Domínguez-Gil points out that the greatest impact on transplants has been suffered, in addition to kidney interventions, to lung ones. “More caution has been taken because it is the target organ of the coronavirus,” he clarifies. However, in 2020, the ONT registered 2,700 kidney, 1,034 liver, 336 lung, 278 heart, 73 pancreas and 4 intestine transplants. Spain has also broken a record by performing 197 transplants to children.
Transplant coordinators assume, however, that not only have interventions been delayed because of the pandemic, but many patients have not even made it onto the waiting list. “The hospital did not arrive sick to evaluate,” says Pont. In fact, the waiting list (as of December 31, 2020) was 4,794 patients (92 of them children). At that time, in 2019 there were 4,889 patients. “There was a decrease in listing inclusions. Many of these patients face a delay and can arrive at the transplant in worse conditions ”, admits Domínguez-Gil. Throughout 2020, 9,498 people went through the waiting list. That is, 1,100 less than the previous year and 68% of them were kidney patients.

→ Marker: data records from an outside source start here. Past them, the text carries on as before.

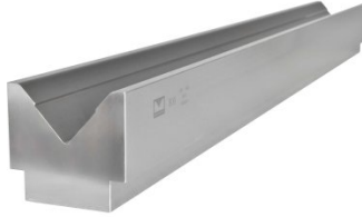
S99240 Dieblock Heavy Duty, Single V 63mm 86 Degrees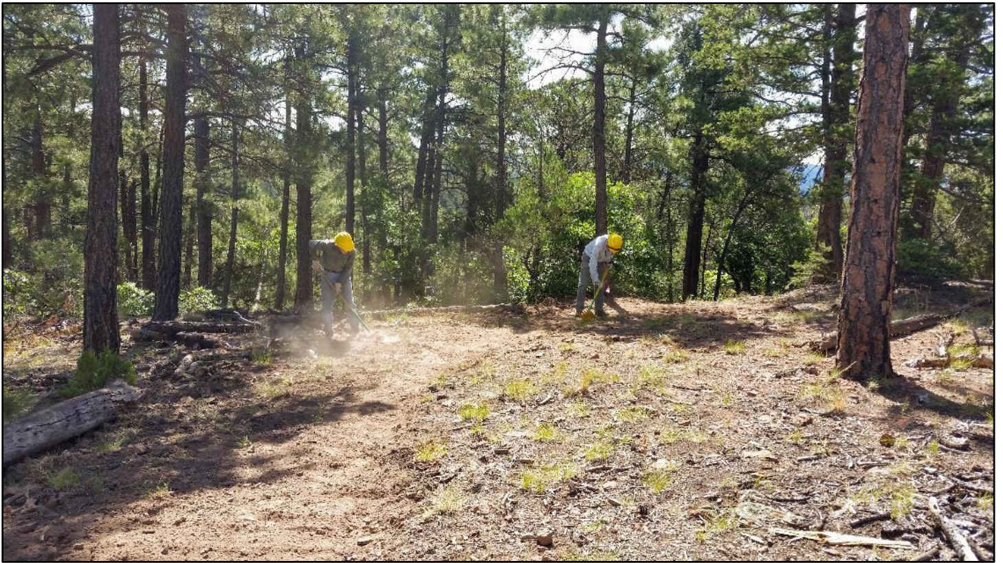
Final grooming on the lower connection. Making the dust fly.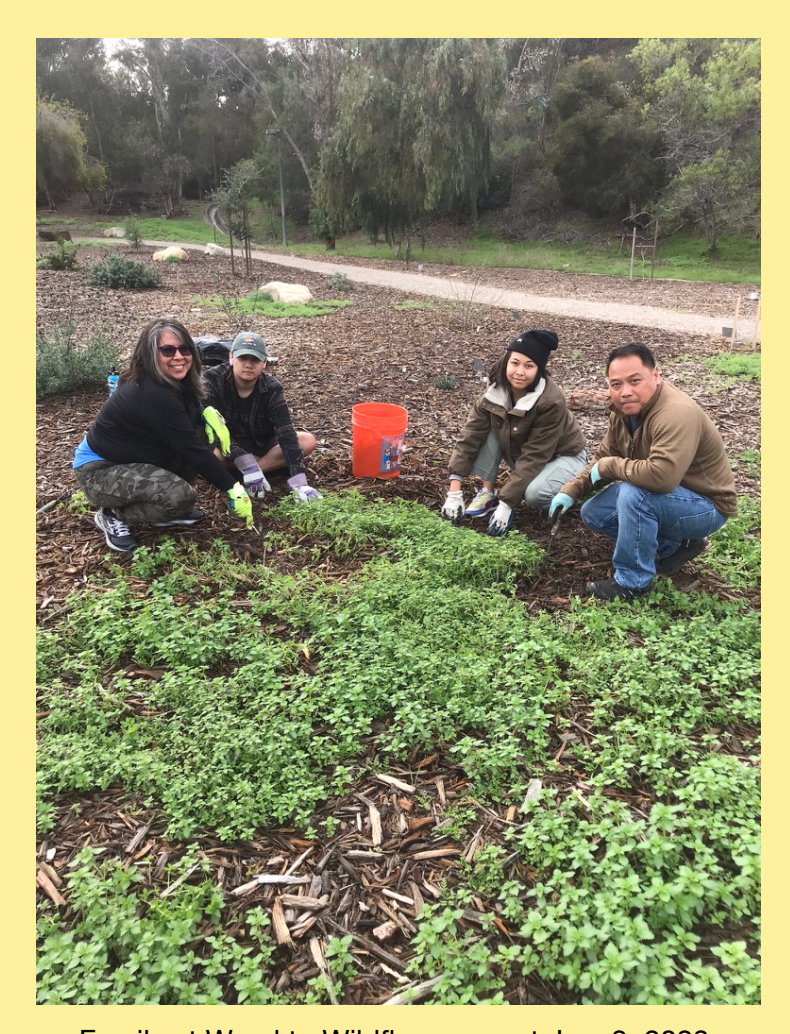
Family at Weed to Wildflower event Jan. 3, 2023.

During the past year, in addition to our core group of Paradise Gardener talented volunteers we have had volunteers join our work days from our community, our Councilmember's office, other garden clubs, local high schools, Honda Helpers, Master Gardeners and others.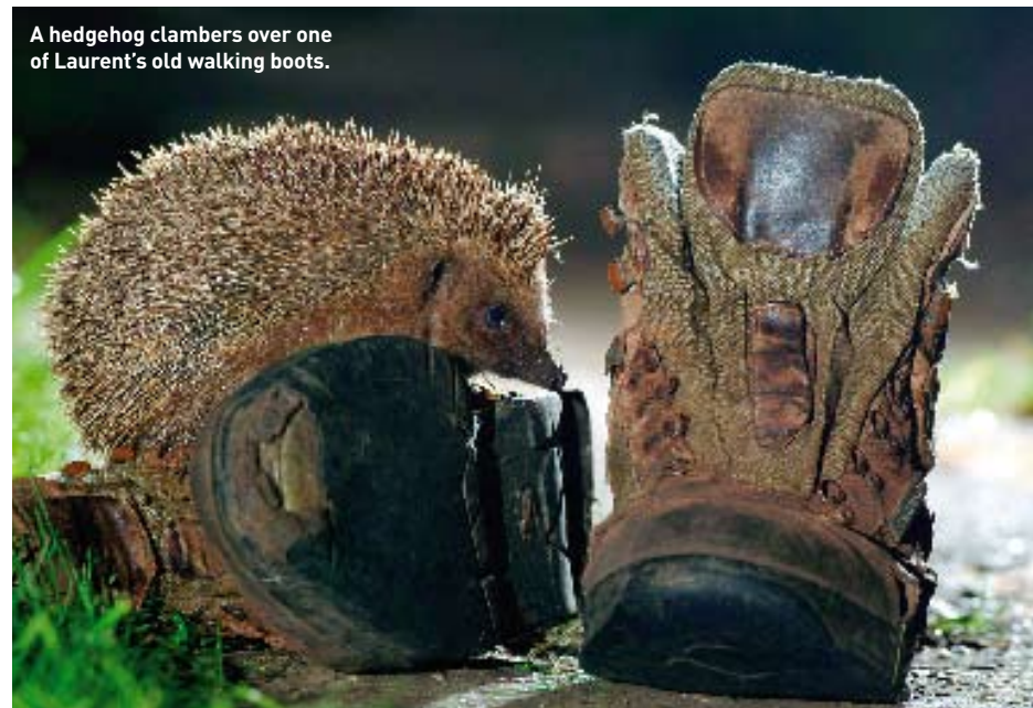
A hedgehog clammers over one of Laurent's old walking boots.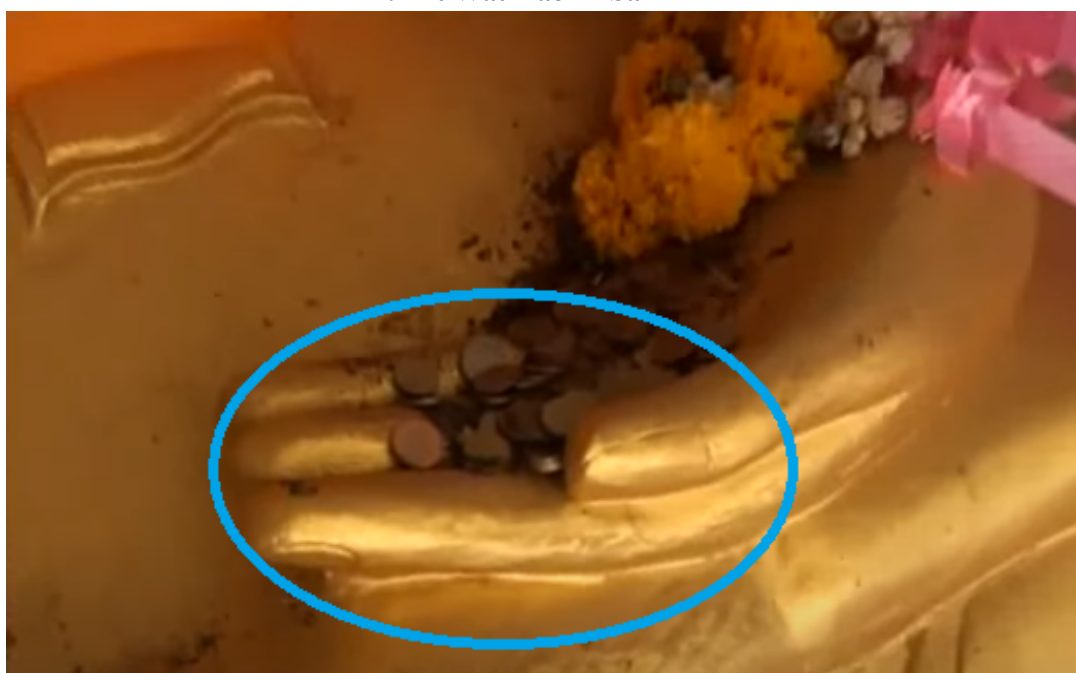
B. At Wat Kao Niew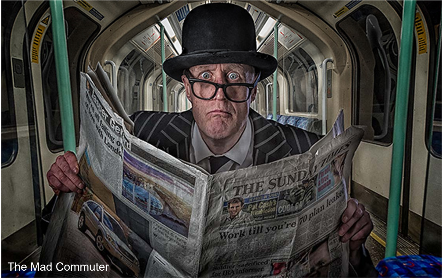
The Mad Commuter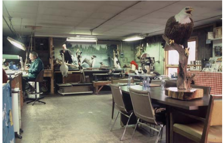
Bob carving in his workshop in the late 1980's. The giftshop is visible on the right of the photo.

We invite you to come share your memories, your photographs, and your stories while celebrating Bob's 91 1/2 birthday. We will enjoy a slide show of the museum's continuing story, reminisce with new and old friends, and of course eat cake on the evening of August 13th from 7:00 - 9:00 pm. 🐦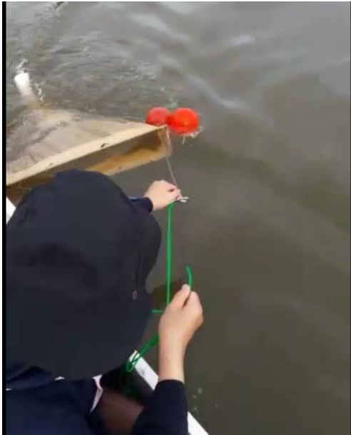
Gambar 14. Pengambilan sampel air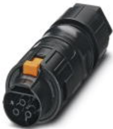
PRC test plug, black, 3-pos., 1.5 mm² ... 6 mm²/630 V/35 A, with screw connection, for cables with a diameter of 8 mm ... 21 mm.

Please be informed that the data shown in this PDF Document is generated from our Online Catalog. Please find the complete data in the user's documentation. Our General Terms of Use for Downloads are valid ( http://phoenixcontact.com/download )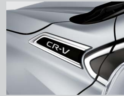
FRONT FENDER GARNISH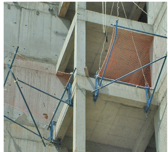
Light duty application available for various beam and slab combination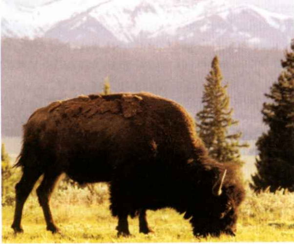
Grazing land use for wildlife habitat and wildlife-related human activities is projected to increase over the next 50 years

Maintenance of productive capacity implies that future generations also will be able to obtain their desired mix of market and non-market goods from rangelands. Identifying and monitoring production of goods and services over long time frames requires multi-scale measurement capability, spanning the ecological site to the eco-region. These spatial and temporal scale issues provide additional challenges for SRR and land managers in general.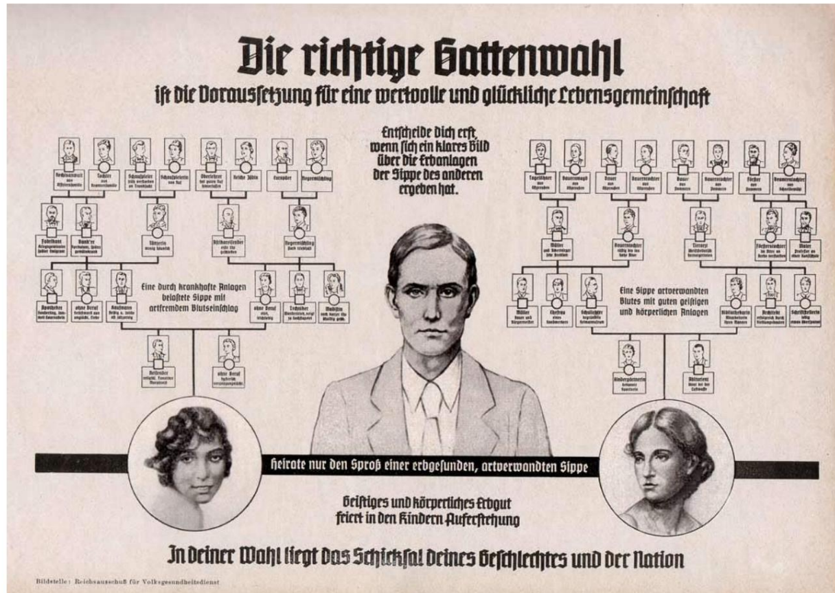
The right choice of spouse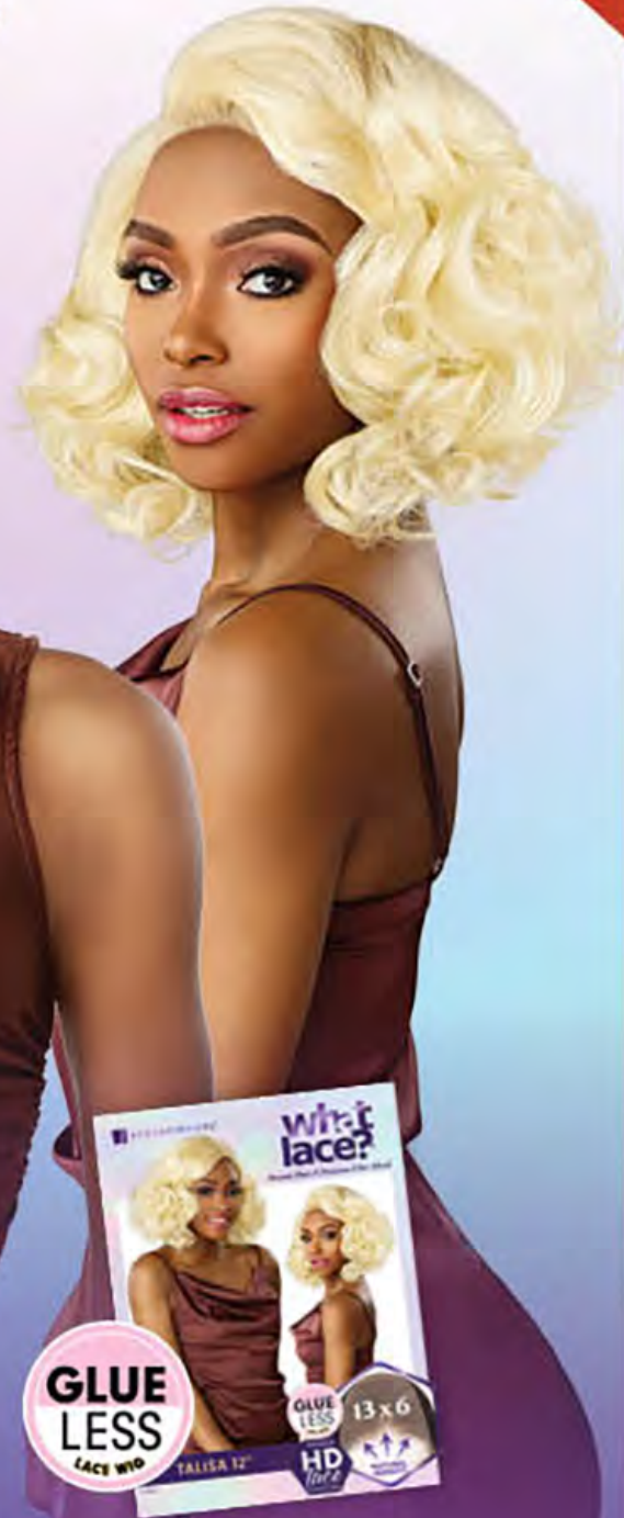
TALISA 12" HUMAN HAIR & PREMIUM FIBER BLEND

Available colors: 1, 1B, 2, DIMENSIONAL HIGHLIGHT APPLE RED, DIMENSIONAL HIGHLIGHT BUTTERY BLONDE, DIMENSIONAL HIGHLIGHT CREAM BLONDE, DIMENSIONAL HIGHLIGHT GINGER, DIMENSIONAL HIGHLIGHT GOLDEN BLONDE, DIMENSIONAL HIGHLIGHT GOLDEN BRONZE, DIMENSIONAL HIGHLIGHT PLATINUM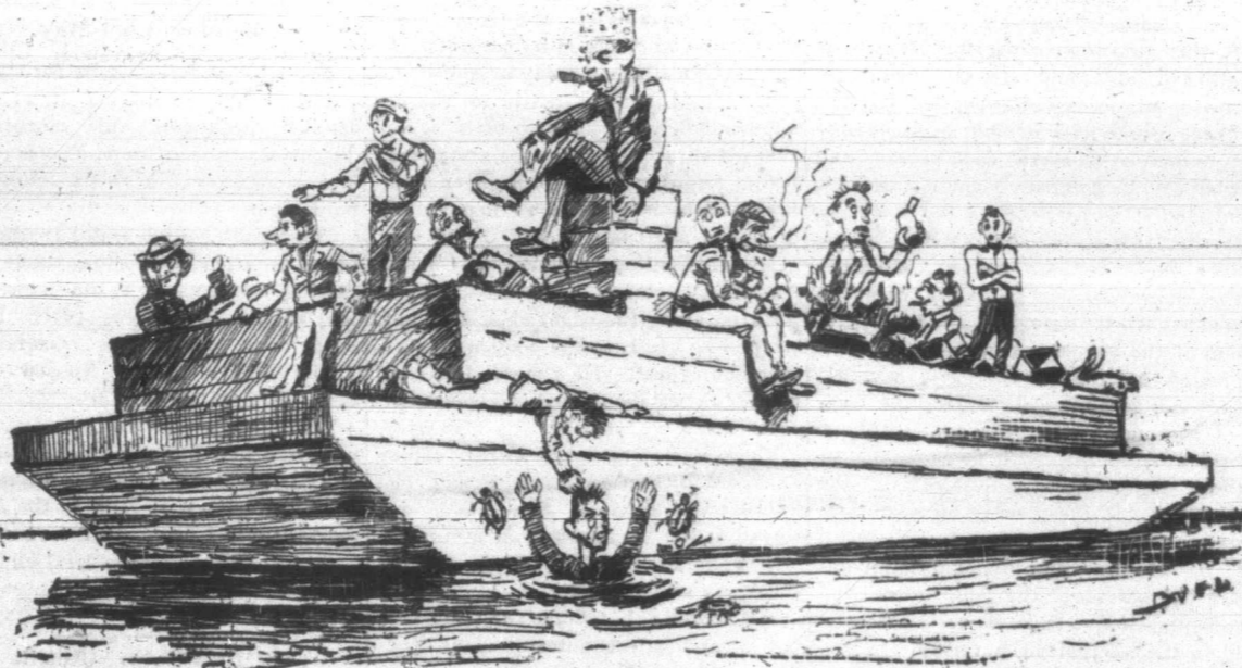
MEETING AT WHICH BOOSTERS' UNION WAS DISSOLVED.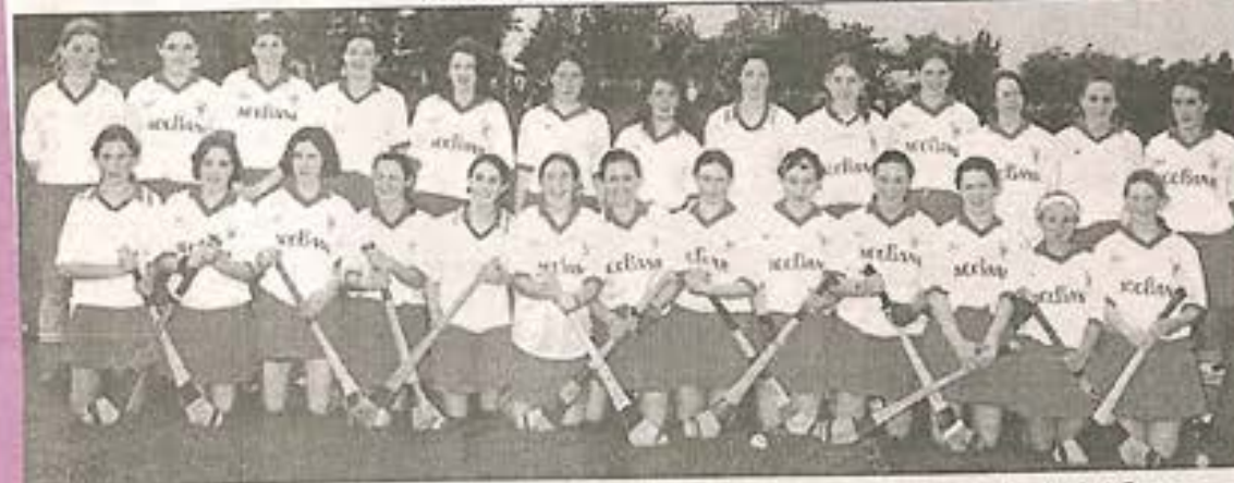
■ Cork Minor Camogie who won the Munster Championship Title Beating Tipperary in the final at Ovens.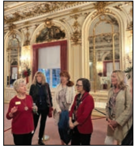
All guests enjoyed a guided tour.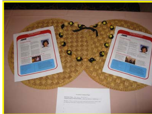
Our newsletter display at Spring Conference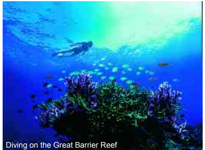
Diving on the Great Barrier Reef

Double Rock is a coastal reef just offshore that usually provides great visibility and a great variety of coral. See basalt rock, extensive soft and hard corals featuring magnificent plate and lettuce-leaf formations. It extends to about 100 metres from the shore and mainly to the north. A substantial and interesting bommie lies approximately 20 metres from the point of the seaward rock and slightly to the north.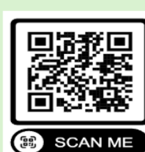
Counting back from 20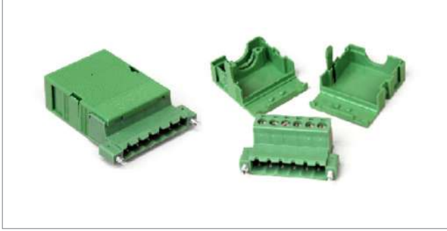
2280-001: Rear Panel Mounting Connector and Cover (assembled view on the left, and connector and top and bottom cover shown separately on the right)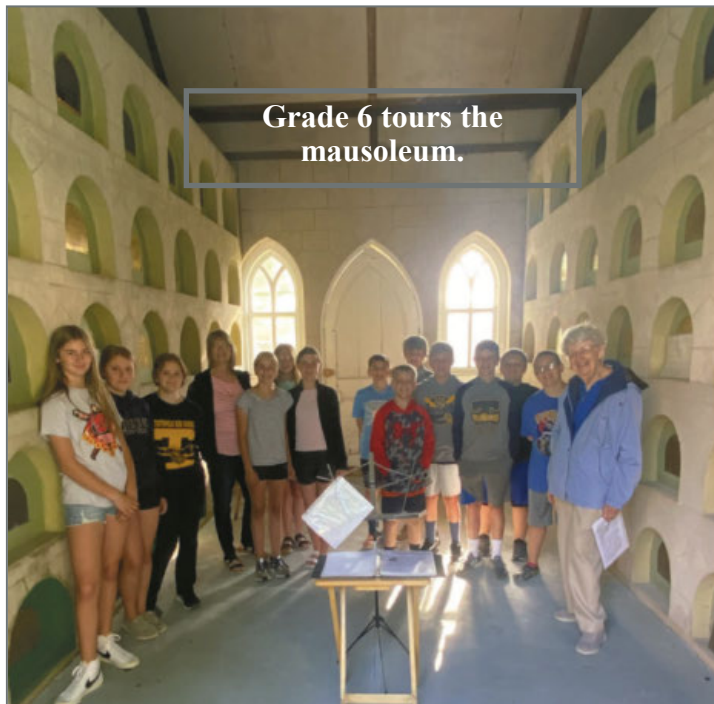
Grade 6 tours the mausoleum.

The ONT assures that they are already recovering the pace of activity before the pandemic, but they still have a long way to go. “We are very determined by the course of the epidemic. The obstacles persist to a greater or lesser extent, but we are hopeful with vaccination, ”says Domínguez-Gil. The Ministry of Health has cataloged people transplanted or on the waiting list for this procedure as a priority for vaccination. In fact, the Health plan is to simultaneously immunize those over 70 years of age, although some community, such as Catalonia, had already made progress and has been vaccinating them for weeks.